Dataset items
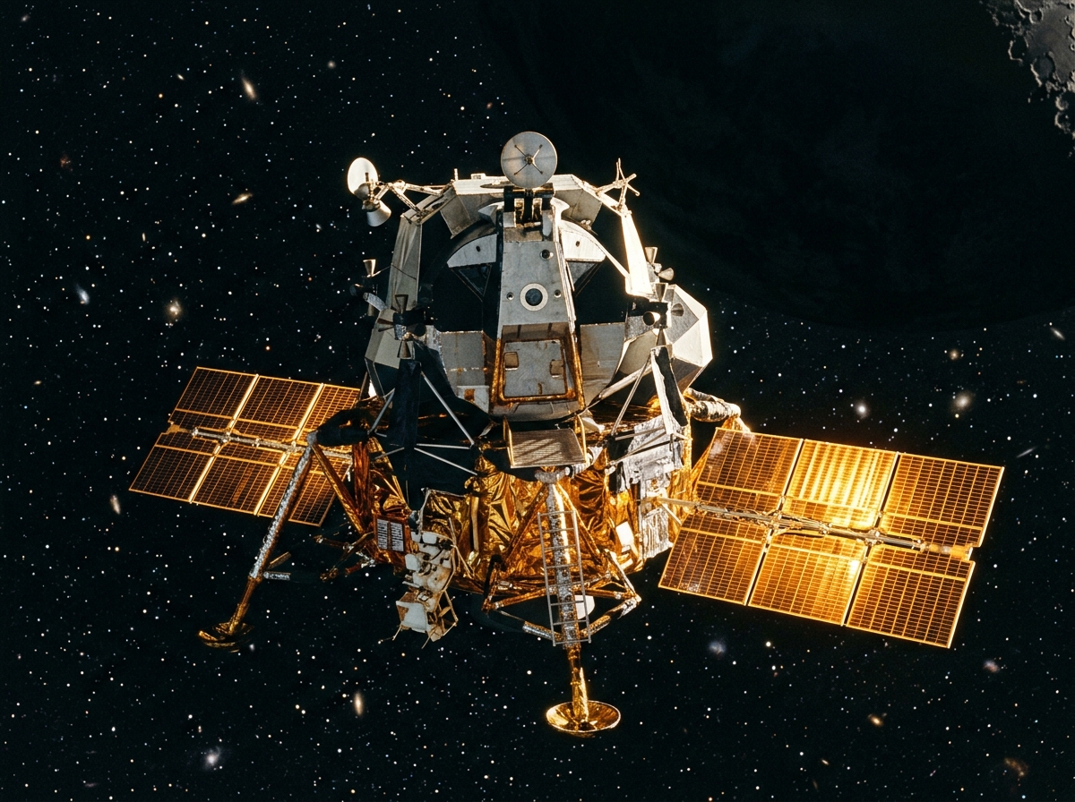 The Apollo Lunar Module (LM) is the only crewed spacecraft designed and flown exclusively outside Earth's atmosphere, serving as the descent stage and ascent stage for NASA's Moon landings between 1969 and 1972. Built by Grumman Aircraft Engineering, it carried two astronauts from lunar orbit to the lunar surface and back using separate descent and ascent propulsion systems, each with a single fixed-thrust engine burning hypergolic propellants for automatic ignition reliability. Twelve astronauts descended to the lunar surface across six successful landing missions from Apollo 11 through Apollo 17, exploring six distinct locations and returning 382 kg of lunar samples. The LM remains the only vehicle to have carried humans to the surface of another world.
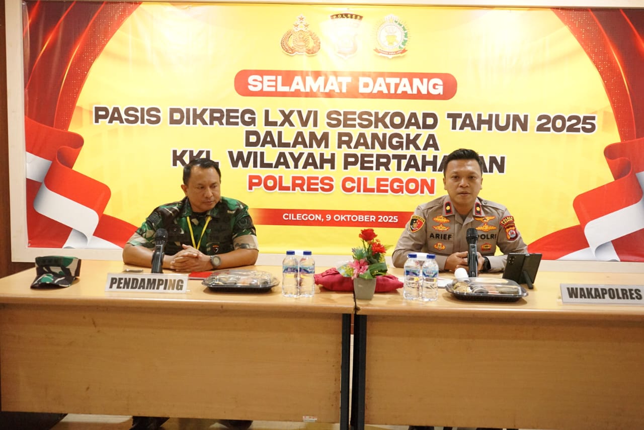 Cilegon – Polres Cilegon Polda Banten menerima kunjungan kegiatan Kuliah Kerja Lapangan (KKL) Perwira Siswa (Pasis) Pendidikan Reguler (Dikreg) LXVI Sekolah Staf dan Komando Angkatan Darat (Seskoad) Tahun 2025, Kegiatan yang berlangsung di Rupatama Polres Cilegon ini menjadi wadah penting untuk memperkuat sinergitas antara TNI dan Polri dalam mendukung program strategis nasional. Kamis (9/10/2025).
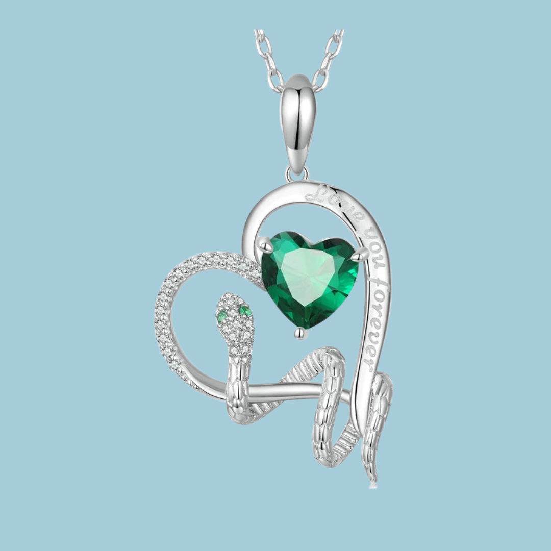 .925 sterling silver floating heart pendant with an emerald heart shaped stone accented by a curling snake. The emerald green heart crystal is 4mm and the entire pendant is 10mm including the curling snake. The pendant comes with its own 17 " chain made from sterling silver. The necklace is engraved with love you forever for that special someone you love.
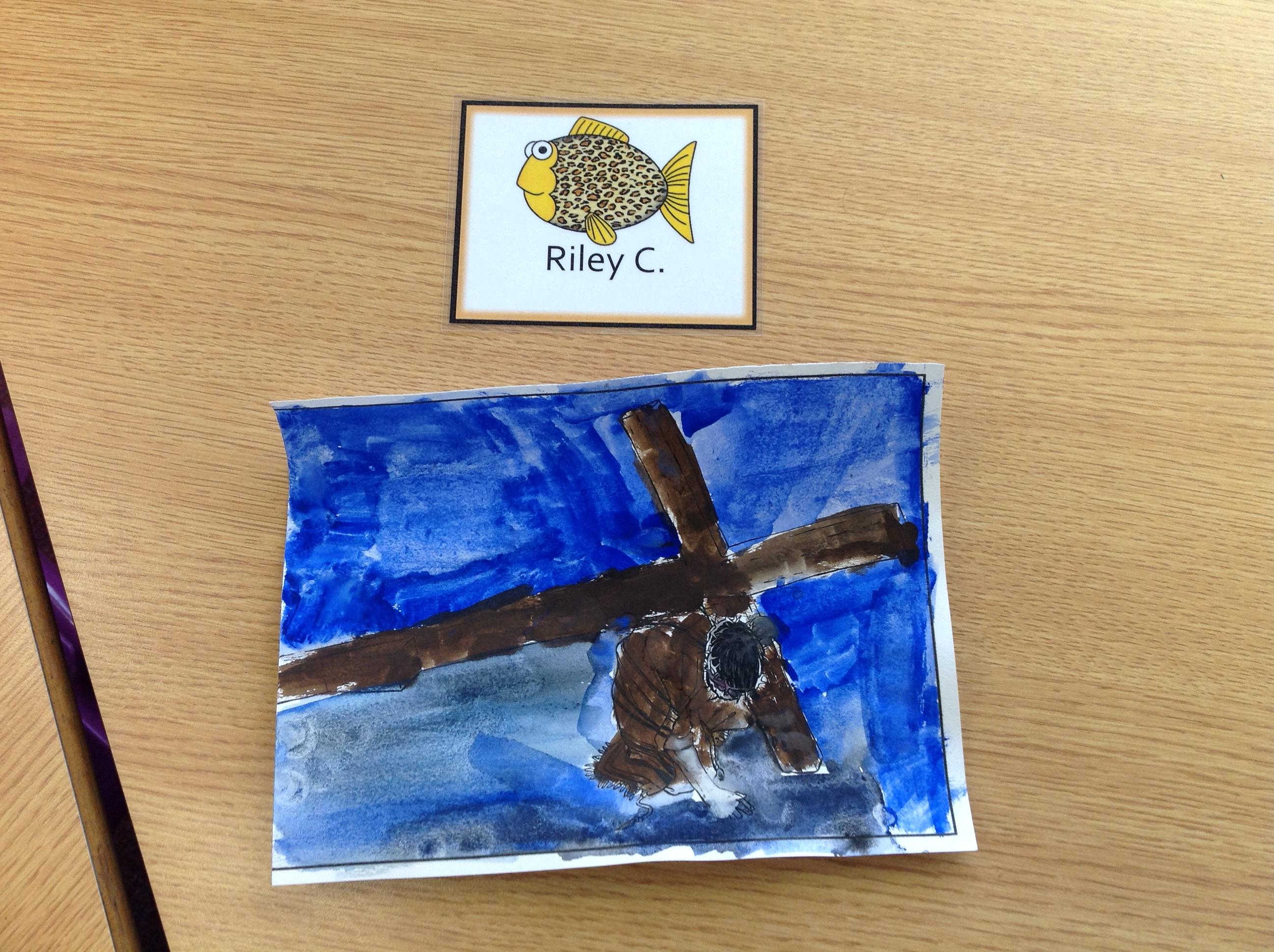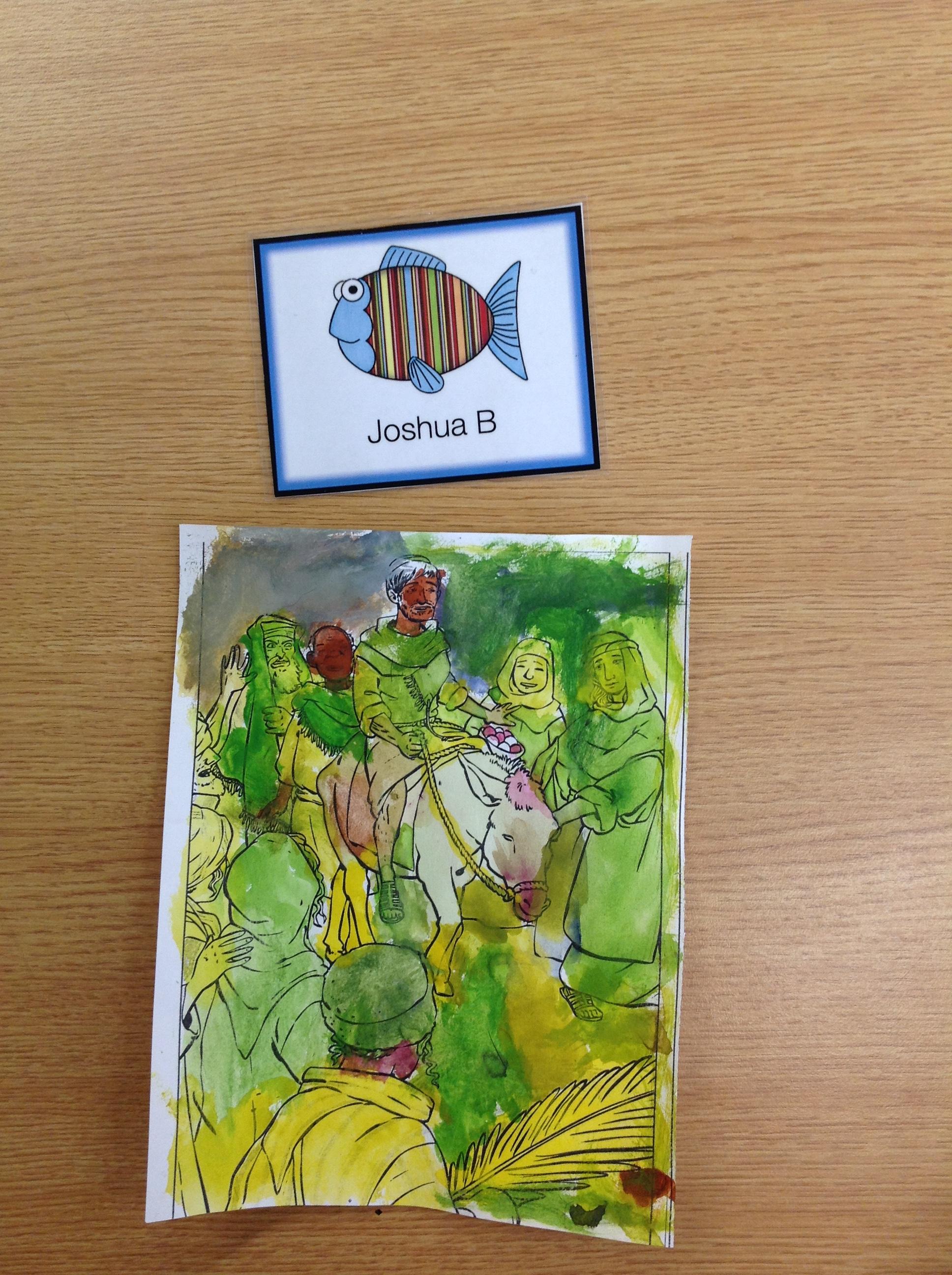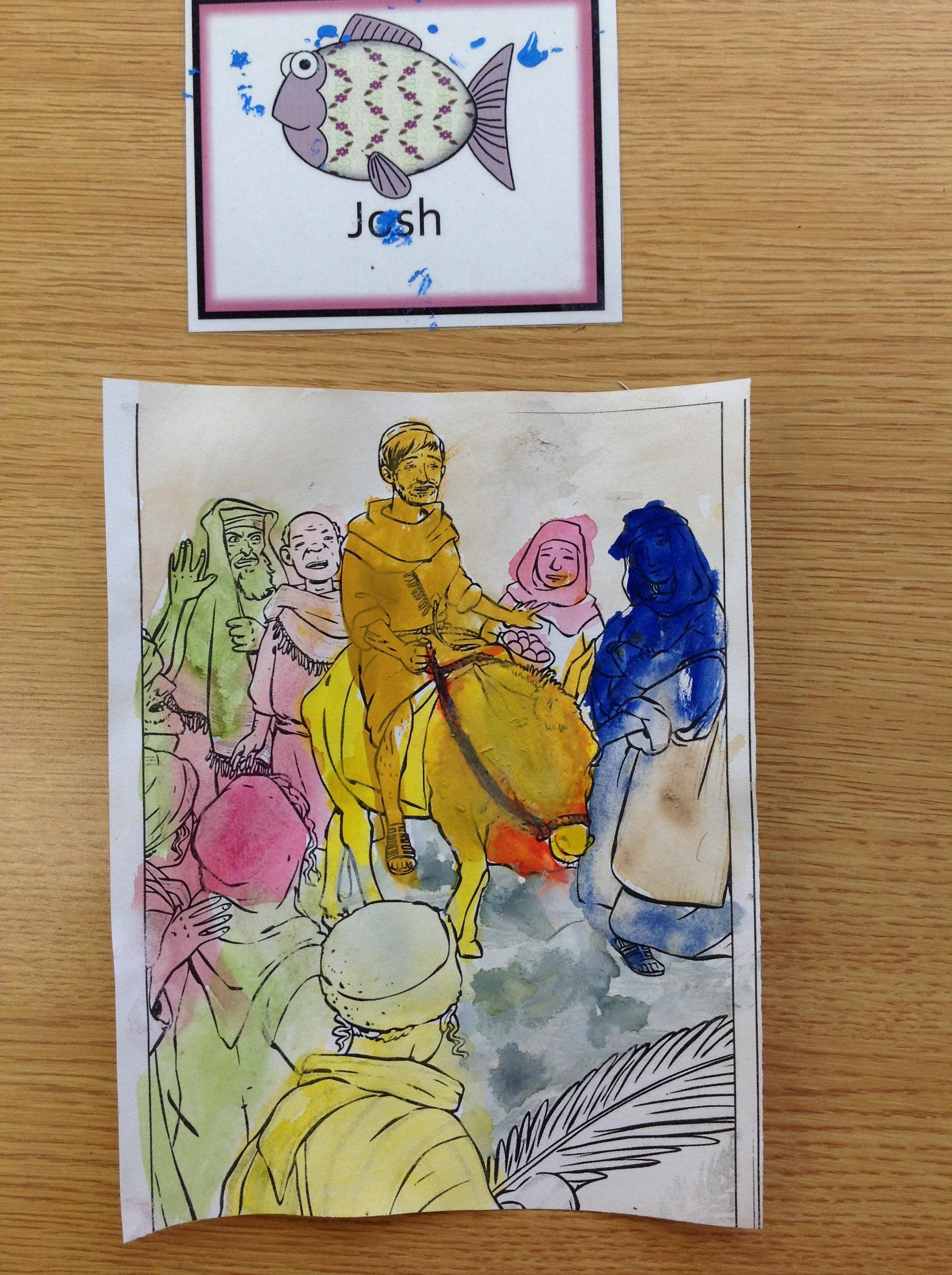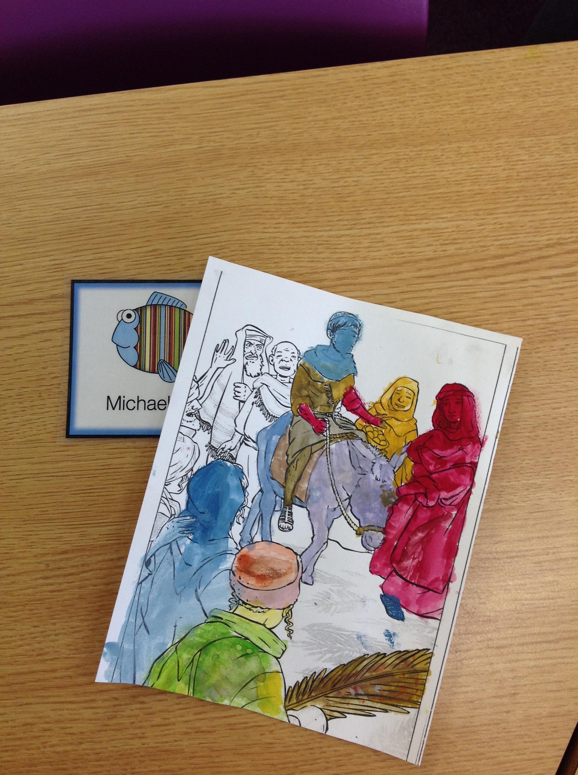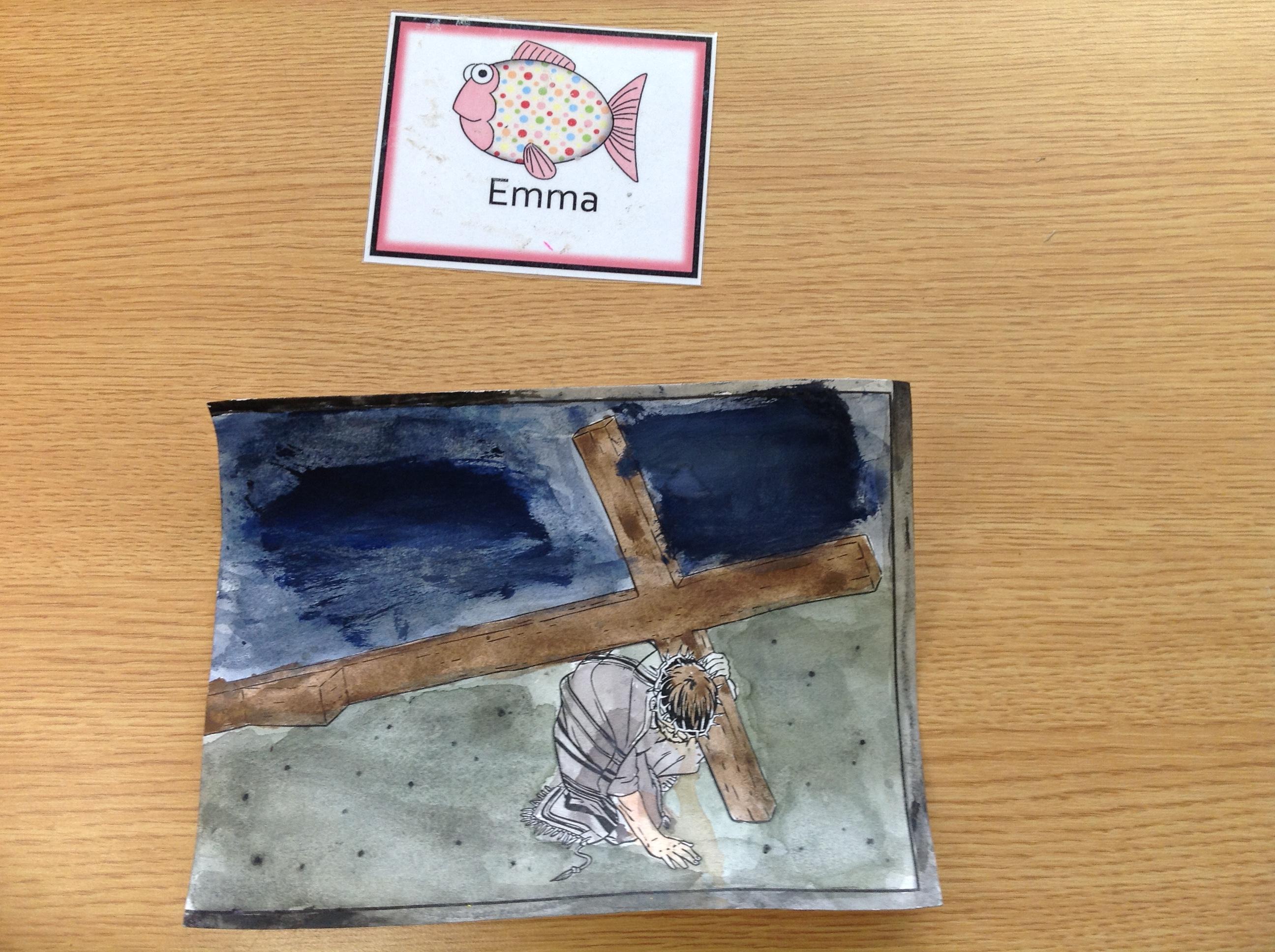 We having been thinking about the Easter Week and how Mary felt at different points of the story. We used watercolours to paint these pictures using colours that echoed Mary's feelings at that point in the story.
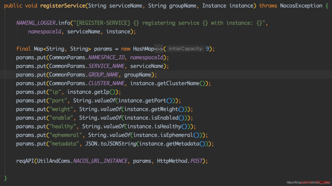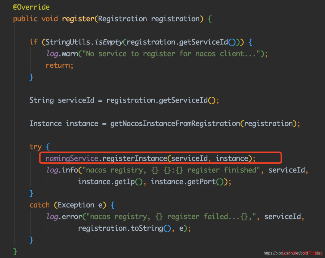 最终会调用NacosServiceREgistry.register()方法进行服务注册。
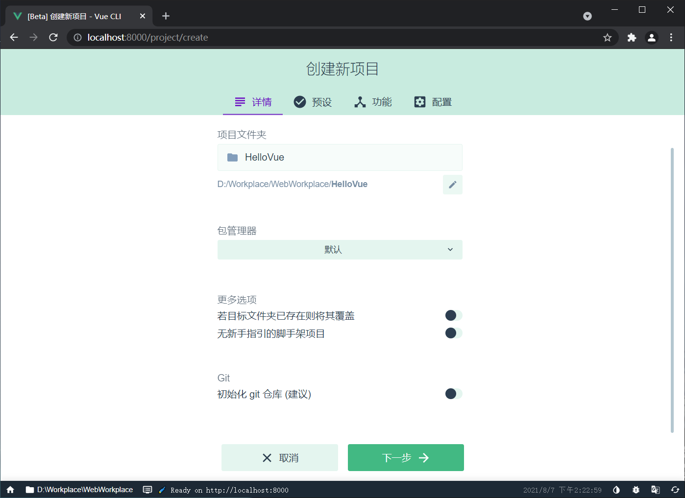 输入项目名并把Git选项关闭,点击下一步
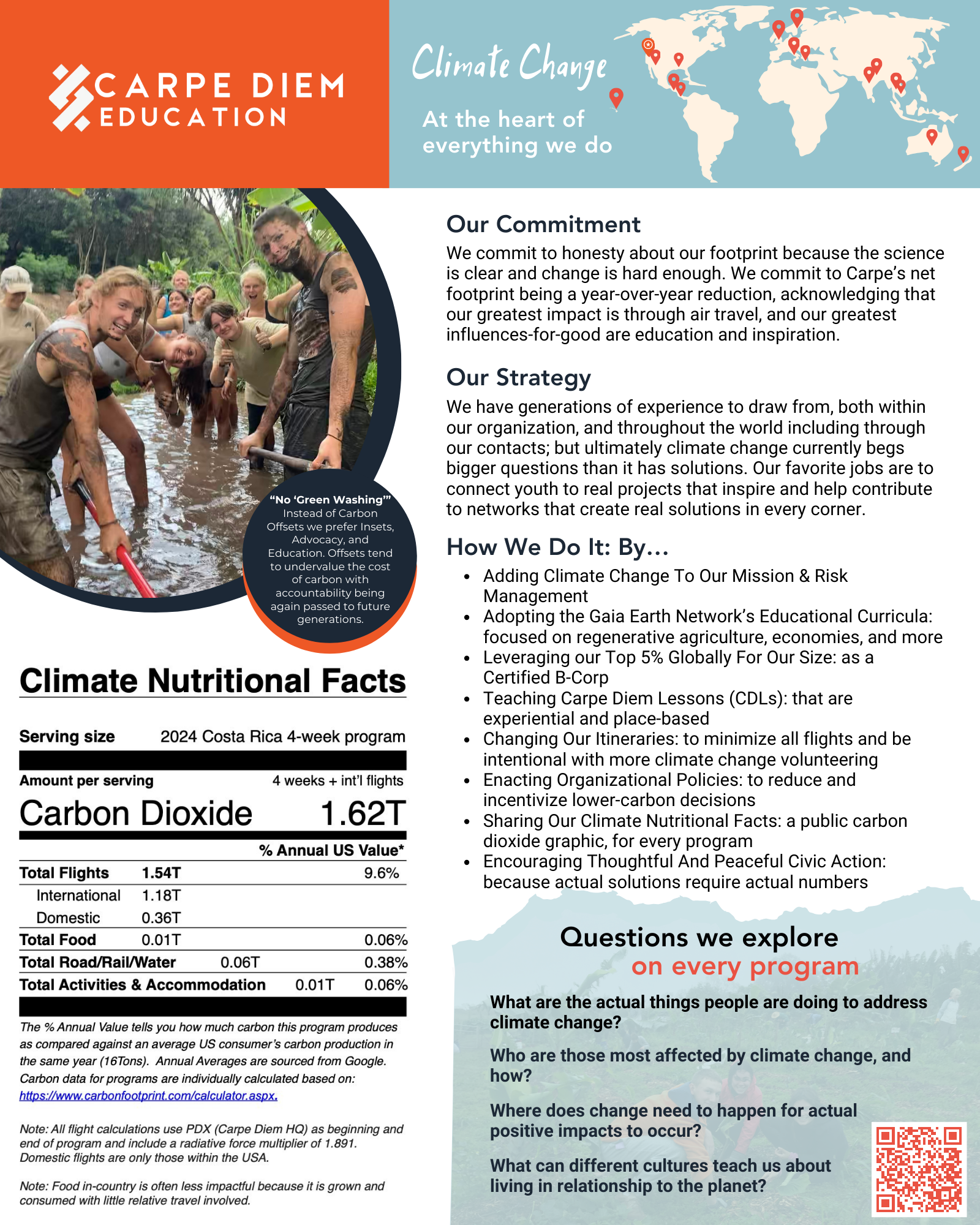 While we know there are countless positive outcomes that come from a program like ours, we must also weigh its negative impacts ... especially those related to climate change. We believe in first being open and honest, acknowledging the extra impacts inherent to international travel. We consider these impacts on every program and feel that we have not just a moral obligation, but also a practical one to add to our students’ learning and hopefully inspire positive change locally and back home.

→ **Task objective**
Each line above should be printed again exactly, though the pictures should not be.

→ **Answer box**
 The Apollo Lunar Module (LM) is the only crewed spacecraft designed and flown exclusively outside Earth's atmosphere, serving as the descent stage and ascent stage for NASA's Moon landings between 1969 and 1972. Built by Grumman Aircraft Engineering, it carried two astronauts from lunar orbit to the lunar surface and back using separate descent and ascent propulsion systems, each with a single fixed-thrust engine burning hypergolic propellants for automatic ignition reliability. Twelve astronauts descended to the lunar surface across six successful landing missions from Apollo 11 through Apollo 17, exploring six distinct locations and returning 382 kg of lunar samples. The LM remains the only vehicle to have carried humans to the surface of another world.
 Cilegon – Polres Cilegon Polda Banten menerima kunjungan kegiatan Kuliah Kerja Lapangan (KKL) Perwira Siswa (Pasis) Pendidikan Reguler (Dikreg) LXVI Sekolah Staf dan Komando Angkatan Darat (Seskoad) Tahun 2025, Kegiatan yang berlangsung di Rupatama Polres Cilegon ini menjadi wadah penting untuk memperkuat sinergitas antara TNI dan Polri dalam mendukung program strategis nasional. Kamis (9/10/2025).
 .925 sterling silver floating heart pendant with an emerald heart shaped stone accented by a curling snake. The emerald green heart crystal is 4mm and the entire pendant is 10mm including the curling snake. The pendant comes with its own 17 " chain made from sterling silver. The necklace is engraved with love you forever for that special someone you love.
 We having been thinking about the Easter Week and how Mary felt at different points of the story. We used watercolours to paint these pictures using colours that echoed Mary's feelings at that point in the story.
 最终会调用NacosServiceREgistry.register()方法进行服务注册。
 输入项目名并把Git选项关闭,点击下一步
 While we know there are countless positive outcomes that come from a program like ours, we must also weigh its negative impacts ... especially those related to climate change. We believe in first being open and honest, acknowledging the extra impacts inherent to international travel. We consider these impacts on every program and feel that we have not just a moral obligation, but also a practical one to add to our students’ learning and hopefully inspire positive change locally and back home.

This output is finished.